On the other side of the ledger, Mirotic's skills would fit Terry Stotts' system to a "T"...as in "Terrific". Though Gibson is mostly cap necessity, he's good enough to keep Portland respectable while Mirotic develops. The Blazers would be worse off in 2015-16 but not abysmal. After that it only gets better.

Portland could also look forward to increased cap space. Together Mirotic and Gibson make less than Aldridge would on a new contract. Knowing they weren't contending next year would allow the Blazers to dump veteran salaries this summer. Chris Kaman and Steve Blake would be unnecessary. They would probably keep Wesley Matthews or Arron Afflalo, not both.

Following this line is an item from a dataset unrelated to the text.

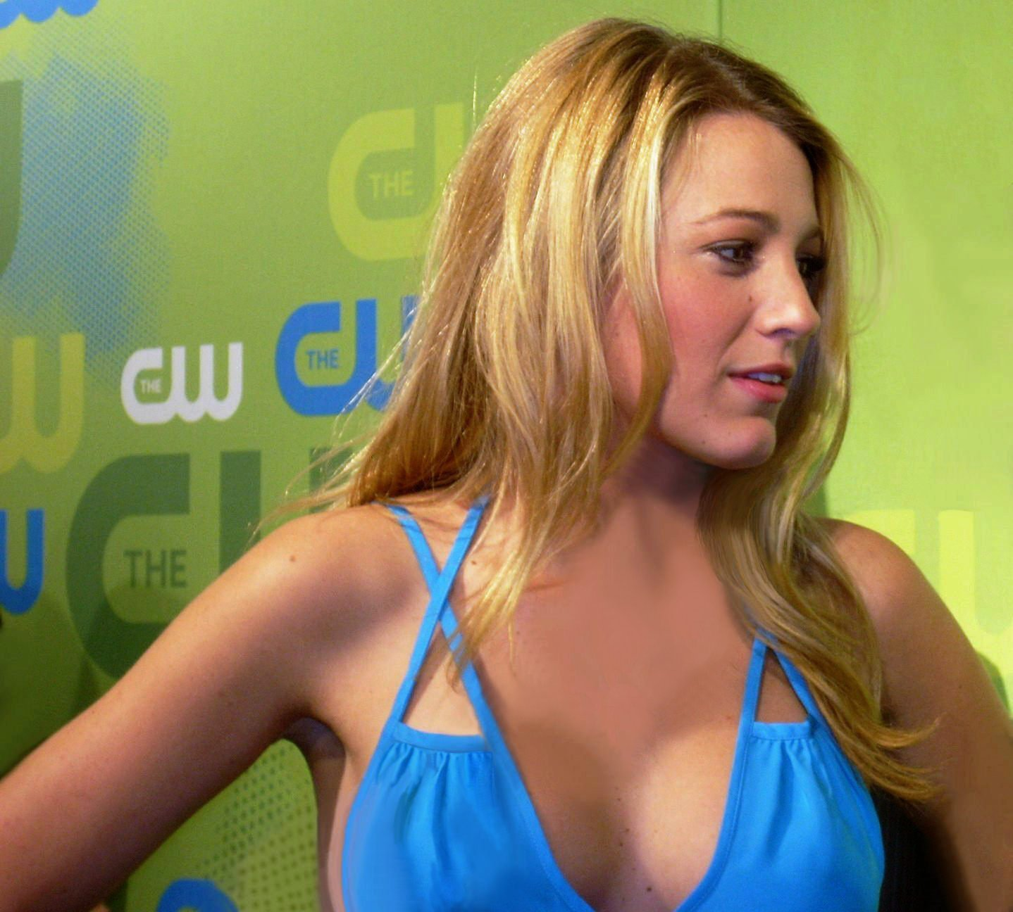 Blake Lively. - CW Upfront Presentation: Green Carpet Arrivals, Madison Square Garden, New York City - May 21, 2009

Going young would give the Blazers plenty of incentive to play CJ McCollum and Meyers Leonard, though with Mirotic on board Leonard would probably switch back to center instead of power forward. They could develop Meyers into a "third guard" equivalent in the front court, able to spell Mirotic or their eventual starting center.

Damian Lillard would remain a centerpiece of the revamped roster but Matthews, Robin Lopez, and eventually Nicolas Batum would be more expendable than they'd be in an Aldridge-centered lineup. The Blazers could keep them on shorter contracts or let them go for cap space. With all three players scheduled to make 8 figures, the potential savings is significant. Or that trio could fill out a nice starting lineup which Portland could bolster with more moderate cap room. Either way the Blazers would gain leverage over the contracts they offer and flexibility over their cap, as opposed to the near-necessity of tying down an expensive starting lineup long-term if Aldridge returns.

Granted, this would herald a return to the, "Wait and see, we've got options" approach that has typified the last three summers. Neil Olshey could just hit "play" on his 2013 interviews and call it a summer. But as far as rebuilds go, it'd be a reasonably short one. Potential cap space in 2015, 2016, and 2017 (depending on who was retained and at what price) plus the development of Mirotic, Lillard, McCollum, Leonard could lead to a fairly nice roster two years down the road.

This scenario isn't perfect but it does illustrate that the Blazers have options. It all depends how much they're willing to sacrifice or, if you prefer, gamble. If they're sure Aldridge will return, the incentive to gamble is small. But if they know he's leaving, swinging for a younger, talented team plus cap space suddenly seems attractive...certainly more attractive than trying to forge ahead on the current course without him.

And yeah, Hannah, I'd probably like this deal. So there you go.